Flight 5390 is one of the most storied and remarkable near-misses in British Airway's history. Most remarkable perhaps is how all those onboard the flight in June 1990, lived to tell the tale:
It was 27 minutes into the flight from Birmingham to Malaga, Spain, somewhere over the English Midlands two of the cockpit windows smashed, depressurising the cabin.
Captain Tim Lancaster who was at the controls was instantly sucked out of the cockpit.
In interviews with the cabin crew, they described the chaos that followed. Exposed to the rushing wind and pressure difference at 7000m altitude the cockpit door was ripped off its hinges.
Remarkably one quick thinking flight attendant, Nigel Ogden, was able to grab his captain's ankles, before he disappeared out the window.
"I whipped round and saw the front windscreen had disappeared and Tim, the pilot, was going out through it – he had been sucked out of his seatbelt and all I could see were his legs," Ogden said later in an interview with the Sydney Morning Herald.
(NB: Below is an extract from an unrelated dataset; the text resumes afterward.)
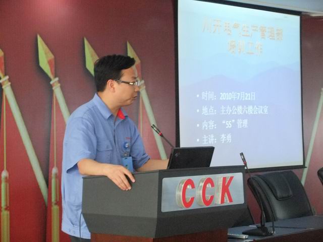 (川开电气中压讯 黄荣) 2010年7月21日18时,公司生产管理部“5S管理培训”在川开工业园区主办公楼六楼会议室隆重举行。此次培训会由生产管理部部长李勇主持,主要针对生产管理部下属各车间负责人及车间班组长。公司总经理李军,人力资源部部长朱海洪等出席了本次培训。

Ogden was hailed a hero for his actions. Without his quick reactions the pilot likely would have been lost out the window and, a greater danger still, they avoided the grim risk of the captain being caught by the engines – causing the entire plane to be lost.
"I jumped over the control column and grabbed him round his waist to avoid him going out completely.
"His shirt had been pulled off his back and his body was bent upwards, doubled over round the top of the aircraft.
"His legs were jammed forward, disconnecting the autopilot, and the flight door was resting on the controls, sending the plane hurtling down at nearly 650 kilometres per hour through some of the most congested skies in the world," he told the Herald.
While the captain was held for now, Ogden felt his grip loosening and the plane was still many minutes away from an emergency landing. He was able to get help from a second flight attendant – John Heward – to help secure the captain. Co-pilot Alistair Atchinson wrestled with the controls as he tried to land the plane, solo.
"All I can remember is looking at Alastair Atchinson, the co-pilot, struggling to get the plane under control and shouting 'Mayday! Mayday!' into the radio," Ogden recalled to The Sunday Times.
By this time the cabin crew were joined by another member, Simon Rogers, who was able to tie himself to a cockpit chair, and stop Tim from slipping. However all three men could not return him to the cockpit. They were forced to hold him in place for 20 agonising minutes.
The lives of the crew and 87 passengers depended on the captain not being sucked out the window.
"His face was banging against the window with blood coming out of his nose and the side of his head, his arms were flailing and seemed about six feet (2 metres) long," recalled Ogden.
Captain Tim spent 20 minutes like this on the outside of the cockpit, as the plane radioed in an emergency landing to Southampton Airport, their closest landing strip to divert to.
"Most terrifyingly, his eyes were wide open. I'll never forget that sight as long as I live."
Cabin crew member, Sue Prince had been in the cabin with the passengers who were understandably distraught.
As they rapidly descended on approach to Southampton Prince and Ogden told the passengers to "brace, brace" while Alastair brought the plane in to land.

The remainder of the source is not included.